_PROBLEM TO SOLVE:_ A verbatim transcription of the listing below is required, without its pictures.

_DATA EXTRACT:_
__________
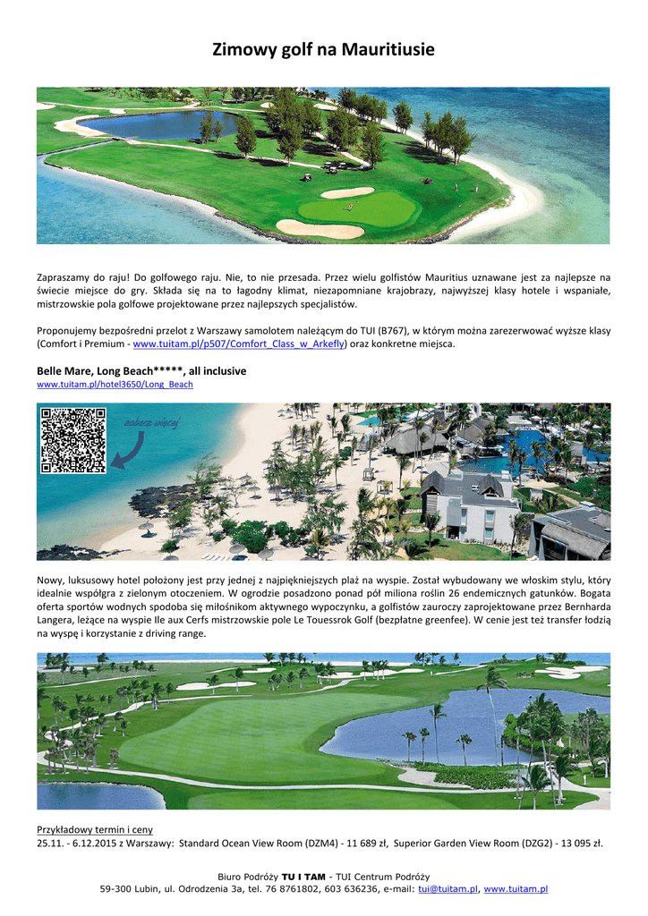 Zimowy golf na Mauritiusie Zapraszamy do raju! Do golfowego raju. Nie, to nie przesada. Przez wielu golfistów Mauritius uznawane jest za najlepsze na świecie miejsce do gry. Składa się na to łagodny klimat, niezapomniane krajobrazy, najwyższej klasy hotele i wspaniałe, mistrzowskie pola golfowe projektowane przez najlepszych specjalistów. Proponujemy bezpośredni przelot z Warszawy samolotem należącym do TUI (B767), w którym można zarezerwować wyższe klasy (Comfort i Premium - www.tuitam.pl/p507/Comfort_Class_w_Arkefly) oraz konkretne miejsca. Belle Mare, Long Beach*****, all inclusive www.tuitam.pl/hotel3650/Long_Beach Nowy, luksusowy hotel położony jest przy jednej z najpiękniejszych plaż na wyspie. Został wybudowany we włoskim stylu, który idealnie współgra z zielonym otoczeniem. W ogrodzie posadzono ponad pół miliona roślin 26 endemicznych gatunków. Bogata oferta sportów wodnych spodoba się miłośnikom aktywnego wypoczynku, a golfistów zauroczy zaprojektowane przez Bernharda Langera, leżące na wyspie Ile aux Cerfs mistrzowskie pole Le Touessrok Golf (bezpłatne greenfee). W cenie jest też transfer łodzią na wyspę i korzystanie z driving range. Przykładowy termin i ceny 25.11. - 6.12.2015 z Warszawy: Standard Ocean View Room (DZM4) - 11 689 zł, Superior Garden View Room (DZG2) - 13 095 zł. Biuro Podróży TU I TAM - TUI Centrum Podróży 59-300 Lubin, ul. Odrodzenia 3a, tel. 76 8761802, 603 636236, e-mail: [email protected], www.tuitam.pl Belle Mare, Belle Mare Plage*****, all inclusive www.tuitam.pl/hotel1992/Belle_Mare_Plage Ten luksusowy hotel z sieci Constance został uznany przez Międzynarodowe Zrzeszenie Organizatorów Turystyki Golfowej (IAGTO) za najlepszy resort golfowy na świecie. Oprócz wspaniałej lokalizacji przy białej, piaszczystej plaży, jego zaletą jest znakomita kuchnia, czego doświadczyć można w kilku restauracjach i barach. Osoby, które wykupiły opcję „all inclusive”, mogą bezpłatnie korzystać codziennie z dwóch 18-dołkowych, mistrzowskich pól - The Links i The Legend. Przykładowy termin i ceny 25.11. - 6.12.2015 z Warszawy: Prestige Room (DZX1) - 12 920 zł, Junior Suite (JSX1) - 14 156 zł. Ceny (za osobę w pokoju 2-osobowym) są kompletne i zawierają: • rabat 500 zł/os i dodatkowe 3% rabatu (First Minute do 28.05.2015), • wszystkie opłaty lotniskowe, serwisowe i paliwowe, • bezpośredni przelot tam i z powrotem, • transfer lotnisko-hotel-lotnisko, • zakwaterowanie w wybranym typie pokoju, • wyżywienie (all inclusive zgodnie z opisem), • codziennie greenfee na 18-dołkowe pole, korzystanie z DR, meleks, • gwarancję niezmienności ceny, • gwarancję najniższej ceny (jeśli w terminie późniejszym, także w ofercie „last minute”, cena spadnie, TUI zwróci różnicę), • ubezpieczenie NNW i KL (typ BOW - www.tuitam.pl/p19/podstawowe), • opiekę rezydenta TUI Service. Powyższe ceny aktualne są tylko do 28.05.2015 (promocja First Minute). Zaliczka wynosi jedynie 10% ceny. Hotele i przeloty dostępne są od 4.11.2015 do 31.03.2016. Chętnych zapraszamy do kontaktu mailowego lub telefonicznego. Na Państwa pytania i zgłoszenia czeka odpowiadający za ofertę golfową Krzysztof Raczkowiak. Biuro Podróży TU I TAM - TUI Centrum Podróży 59-300 Lubin, ul. Odrodzenia 3a, tel. 76 8761802, 603 636236, e-mail: [email protected], www.tuitam.pl
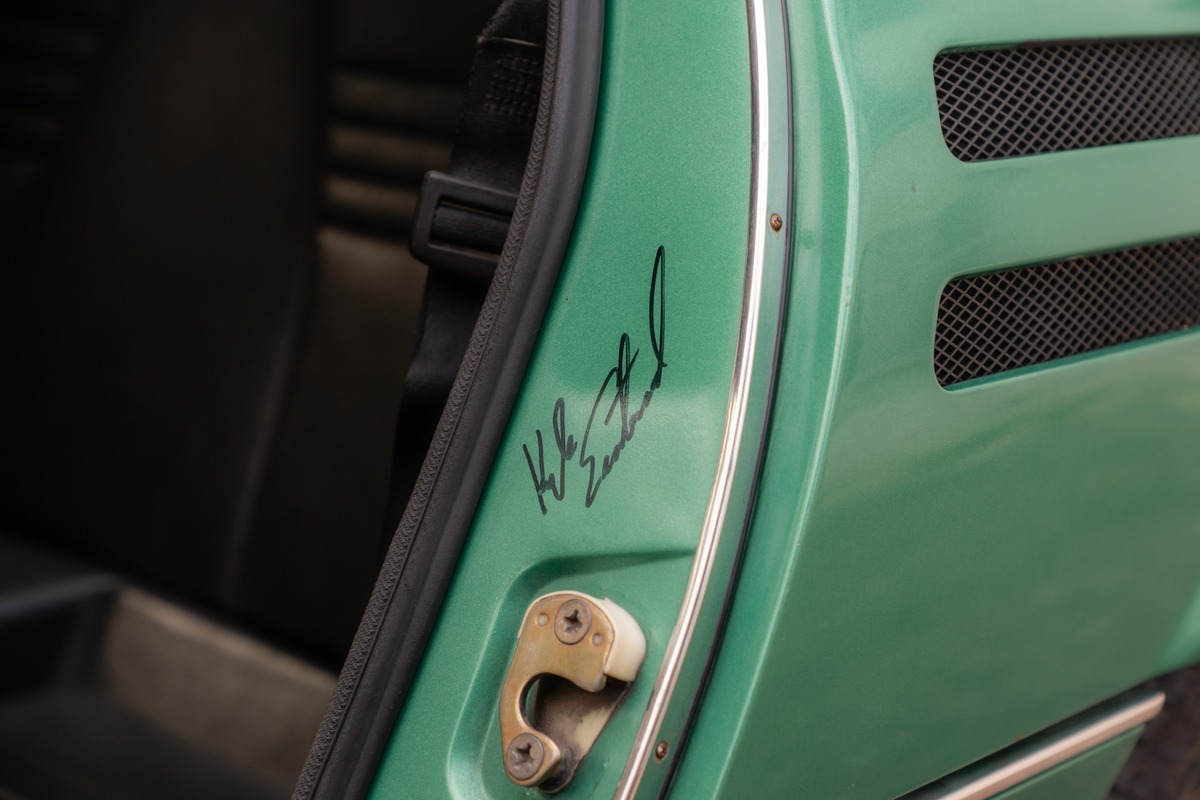 L’historique du véhicule est partiel, mais des factures d’entretien sont disponibles. Aucun frais ne sera à prévoir pour l’acheteur. On notera que cette Alfa Romeo Montreal dispose d’un échappement alu, et a été signée par Kyle Eastwood, musicien et passionné d’automobiles classiques.
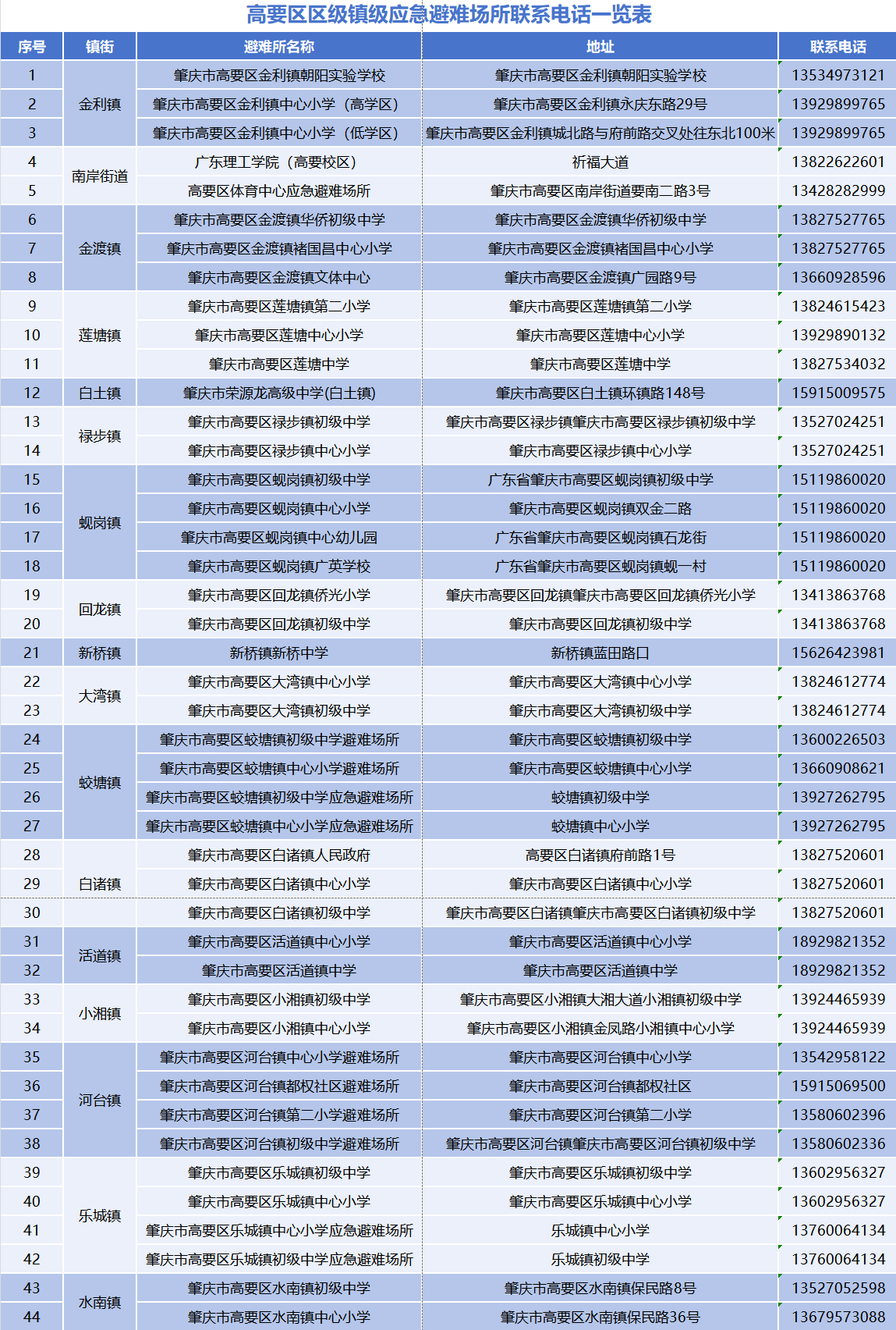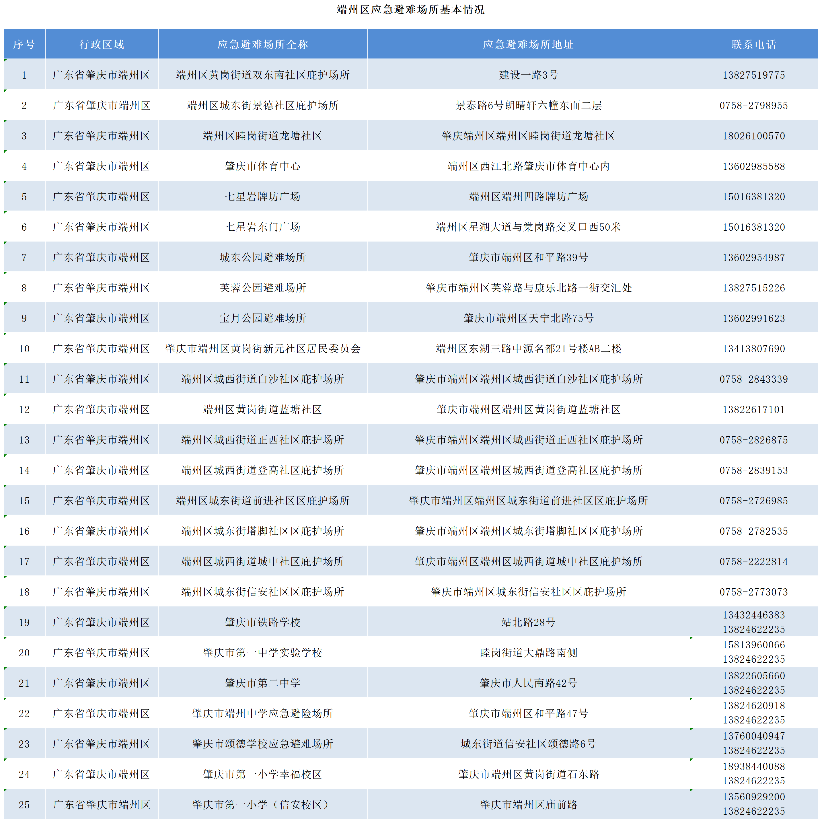 目前,肇庆市端州区25个应急避难场所、高要区44个应急避难场所对外开放,为周边有需要的居民提供临时避险空间,切实保障人民群众生命财产安全,市民有需要可自行前往。
__________
_ANSWER SECTION:_
 Zimowy golf na Mauritiusie Zapraszamy do raju! Do golfowego raju. Nie, to nie przesada. Przez wielu golfistów Mauritius uznawane jest za najlepsze na świecie miejsce do gry. Składa się na to łagodny klimat, niezapomniane krajobrazy, najwyższej klasy hotele i wspaniałe, mistrzowskie pola golfowe projektowane przez najlepszych specjalistów. Proponujemy bezpośredni przelot z Warszawy samolotem należącym do TUI (B767), w którym można zarezerwować wyższe klasy (Comfort i Premium - www.tuitam.pl/p507/Comfort_Class_w_Arkefly) oraz konkretne miejsca. Belle Mare, Long Beach*****, all inclusive www.tuitam.pl/hotel3650/Long_Beach Nowy, luksusowy hotel położony jest przy jednej z najpiękniejszych plaż na wyspie. Został wybudowany we włoskim stylu, który idealnie współgra z zielonym otoczeniem. W ogrodzie posadzono ponad pół miliona roślin 26 endemicznych gatunków. Bogata oferta sportów wodnych spodoba się miłośnikom aktywnego wypoczynku, a golfistów zauroczy zaprojektowane przez Bernharda Langera, leżące na wyspie Ile aux Cerfs mistrzowskie pole Le Touessrok Golf (bezpłatne greenfee). W cenie jest też transfer łodzią na wyspę i korzystanie z driving range. Przykładowy termin i ceny 25.11. - 6.12.2015 z Warszawy: Standard Ocean View Room (DZM4) - 11 689 zł, Superior Garden View Room (DZG2) - 13 095 zł. Biuro Podróży TU I TAM - TUI Centrum Podróży 59-300 Lubin, ul. Odrodzenia 3a, tel. 76 8761802, 603 636236, e-mail: [email protected], www.tuitam.pl Belle Mare, Belle Mare Plage*****, all inclusive www.tuitam.pl/hotel1992/Belle_Mare_Plage Ten luksusowy hotel z sieci Constance został uznany przez Międzynarodowe Zrzeszenie Organizatorów Turystyki Golfowej (IAGTO) za najlepszy resort golfowy na świecie. Oprócz wspaniałej lokalizacji przy białej, piaszczystej plaży, jego zaletą jest znakomita kuchnia, czego doświadczyć można w kilku restauracjach i barach. Osoby, które wykupiły opcję „all inclusive”, mogą bezpłatnie korzystać codziennie z dwóch 18-dołkowych, mistrzowskich pól - The Links i The Legend. Przykładowy termin i ceny 25.11. - 6.12.2015 z Warszawy: Prestige Room (DZX1) - 12 920 zł, Junior Suite (JSX1) - 14 156 zł. Ceny (za osobę w pokoju 2-osobowym) są kompletne i zawierają: • rabat 500 zł/os i dodatkowe 3% rabatu (First Minute do 28.05.2015), • wszystkie opłaty lotniskowe, serwisowe i paliwowe, • bezpośredni przelot tam i z powrotem, • transfer lotnisko-hotel-lotnisko, • zakwaterowanie w wybranym typie pokoju, • wyżywienie (all inclusive zgodnie z opisem), • codziennie greenfee na 18-dołkowe pole, korzystanie z DR, meleks, • gwarancję niezmienności ceny, • gwarancję najniższej ceny (jeśli w terminie późniejszym, także w ofercie „last minute”, cena spadnie, TUI zwróci różnicę), • ubezpieczenie NNW i KL (typ BOW - www.tuitam.pl/p19/podstawowe), • opiekę rezydenta TUI Service. Powyższe ceny aktualne są tylko do 28.05.2015 (promocja First Minute). Zaliczka wynosi jedynie 10% ceny. Hotele i przeloty dostępne są od 4.11.2015 do 31.03.2016. Chętnych zapraszamy do kontaktu mailowego lub telefonicznego. Na Państwa pytania i zgłoszenia czeka odpowiadający za ofertę golfową Krzysztof Raczkowiak. Biuro Podróży TU I TAM - TUI Centrum Podróży 59-300 Lubin, ul. Odrodzenia 3a, tel. 76 8761802, 603 636236, e-mail: [email protected], www.tuitam.pl
 L’historique du véhicule est partiel, mais des factures d’entretien sont disponibles. Aucun frais ne sera à prévoir pour l’acheteur. On notera que cette Alfa Romeo Montreal dispose d’un échappement alu, et a été signée par Kyle Eastwood, musicien et passionné d’automobiles classiques.
 目前,肇庆市端州区25个应急避难场所、高要区44个应急避难场所对外开放,为周边有需要的居民提供临时避险空间,切实保障人民群众生命财产安全,市民有需要可自行前往。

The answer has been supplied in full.